Отец уволился со своей работы, мать стала задерживаться на своей. Он лежал в постели, она с головой погрузилась в музейные хлопоты.
Кровать, где мои родители когда-то любили друг друга, зачали меня, были молоды и счастливы, стала обиталищем для моего отца и его депрессии.
Заботу об отце мама постепенно перекладывала на мои плечи: «Свари макароны, не перевари, сделай кофе, только одну чашку, не наливай до краев, этого мало, отнеси ему, уговори подняться». Ученики больше не звонили в нашу дверь. Все комнаты стояли нараспашку, отец, больной грустью, никогда не оставался один, и в тишине я прислушивалась к его ворочанию, падениям ручки на пол, резким трелям телефона… Так проходила моя жизнь дома, где почти не раздавалось людских голосов.
Наш мир (а существовал ли какой-то другой?) застопорился.

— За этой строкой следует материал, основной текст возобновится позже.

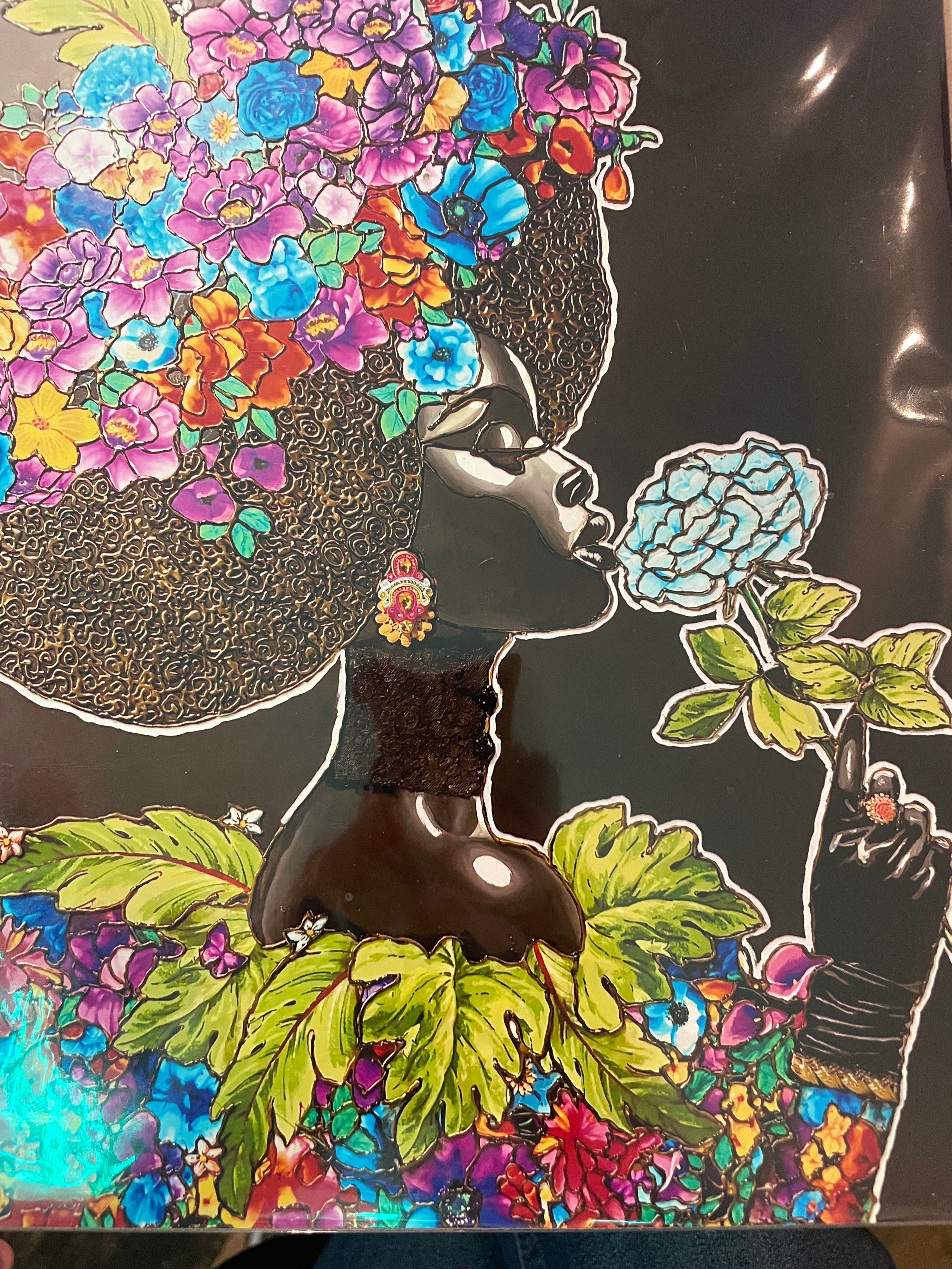 Sheila Fox, also known under the name GodivaGoddess, is a self-taught mixed media artist based in Louisville, KY. Fox has been drawing for over 20 years, and painting for almost 6. Her vibrant portraits of Black women take inspiration from Fox’s own lived experience as an African American woman, as she seeks to celebrate her story and the stories of generations of Black women through the joy of artistic expression.

Последние месяцы, которые отец провел с нами, напоминали вязкую лавовую массу. Беспомощность и апатия завладели всей нашей семьей. Мне было тринадцать, я не знала, как мал человек в тринадцать, как он заблуждается, считая себя взрослым. Прочитанные в детстве сказки не позволяют разобраться, какие признаки указывают на то, что прежняя жизнь в королевстве близится к концу. Папа перестал есть, разговаривать и курить трубку, он поднимался с кровати только для того, чтобы сходить в туалет.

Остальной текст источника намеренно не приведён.